-- AIM OF THE TASK --
Transcribe the lines below exactly. No image belongs in the transcription.

-- DATA BELOW --
= = =
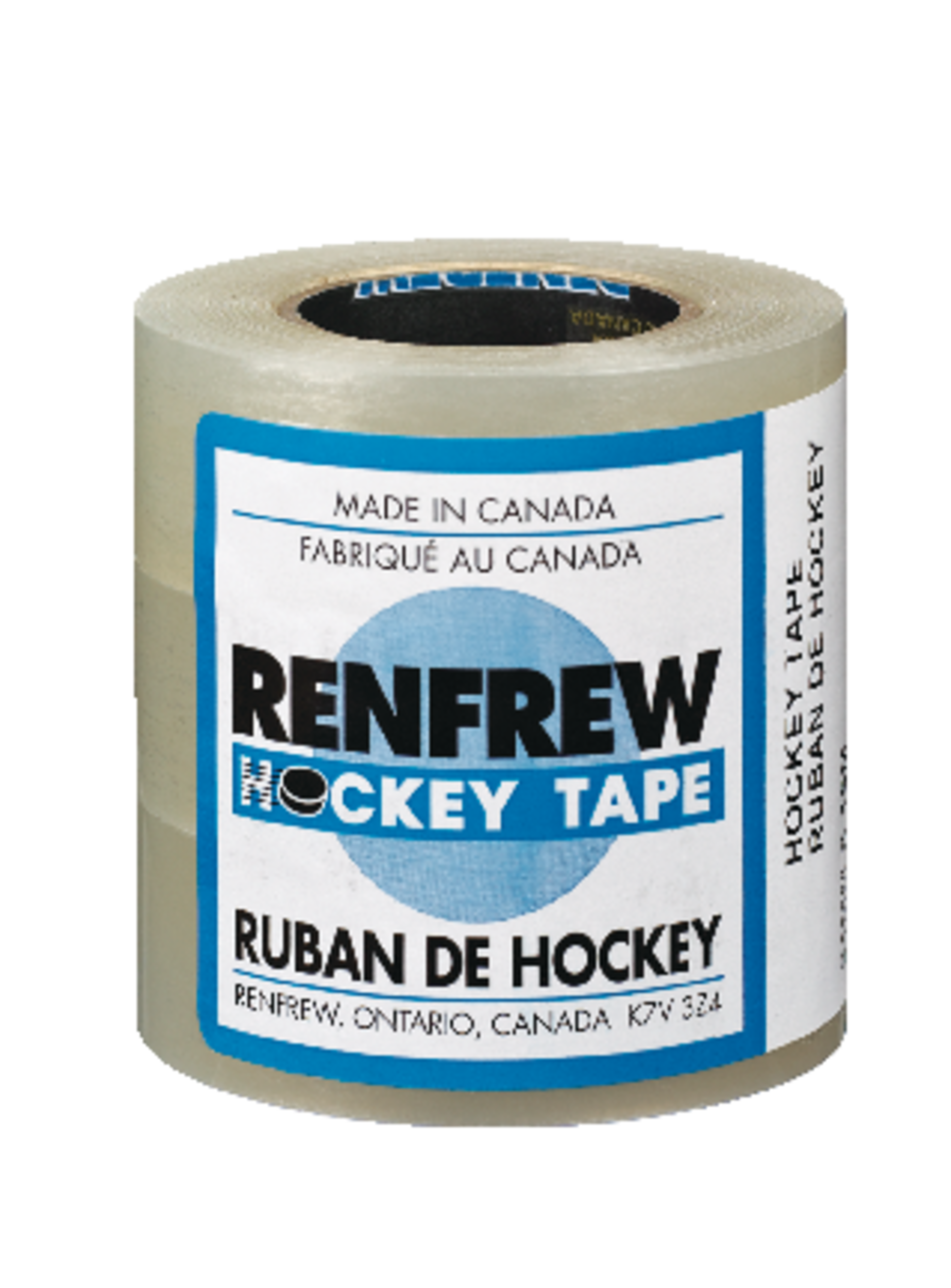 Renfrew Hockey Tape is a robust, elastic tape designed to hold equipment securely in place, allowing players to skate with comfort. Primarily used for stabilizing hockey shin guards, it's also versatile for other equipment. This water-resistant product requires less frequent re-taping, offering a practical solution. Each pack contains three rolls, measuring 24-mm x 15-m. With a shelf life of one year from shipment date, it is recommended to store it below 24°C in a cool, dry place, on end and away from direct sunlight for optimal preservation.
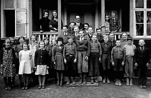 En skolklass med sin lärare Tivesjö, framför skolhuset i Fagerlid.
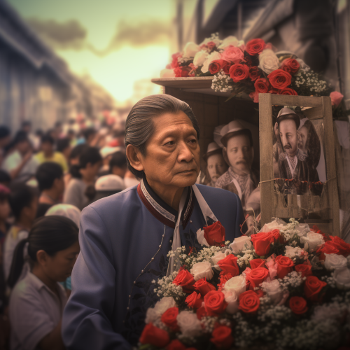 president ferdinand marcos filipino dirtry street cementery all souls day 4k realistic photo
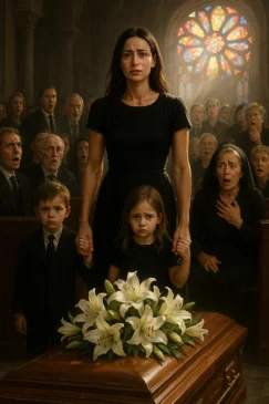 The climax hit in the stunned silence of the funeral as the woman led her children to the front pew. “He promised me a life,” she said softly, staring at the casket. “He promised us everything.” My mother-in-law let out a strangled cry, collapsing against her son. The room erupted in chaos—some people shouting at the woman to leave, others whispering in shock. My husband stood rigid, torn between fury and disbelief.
= = =
-- ANSWER TO THE EXERCISE --
 Renfrew Hockey Tape is a robust, elastic tape designed to hold equipment securely in place, allowing players to skate with comfort. Primarily used for stabilizing hockey shin guards, it's also versatile for other equipment. This water-resistant product requires less frequent re-taping, offering a practical solution. Each pack contains three rolls, measuring 24-mm x 15-m. With a shelf life of one year from shipment date, it is recommended to store it below 24°C in a cool, dry place, on end and away from direct sunlight for optimal preservation.
 En skolklass med sin lärare Tivesjö, framför skolhuset i Fagerlid.
 president ferdinand marcos filipino dirtry street cementery all souls day 4k realistic photo
 The climax hit in the stunned silence of the funeral as the woman led her children to the front pew. “He promised me a life,” she said softly, staring at the casket. “He promised us everything.” My mother-in-law let out a strangled cry, collapsing against her son. The room erupted in chaos—some people shouting at the woman to leave, others whispering in shock. My husband stood rigid, torn between fury and disbelief.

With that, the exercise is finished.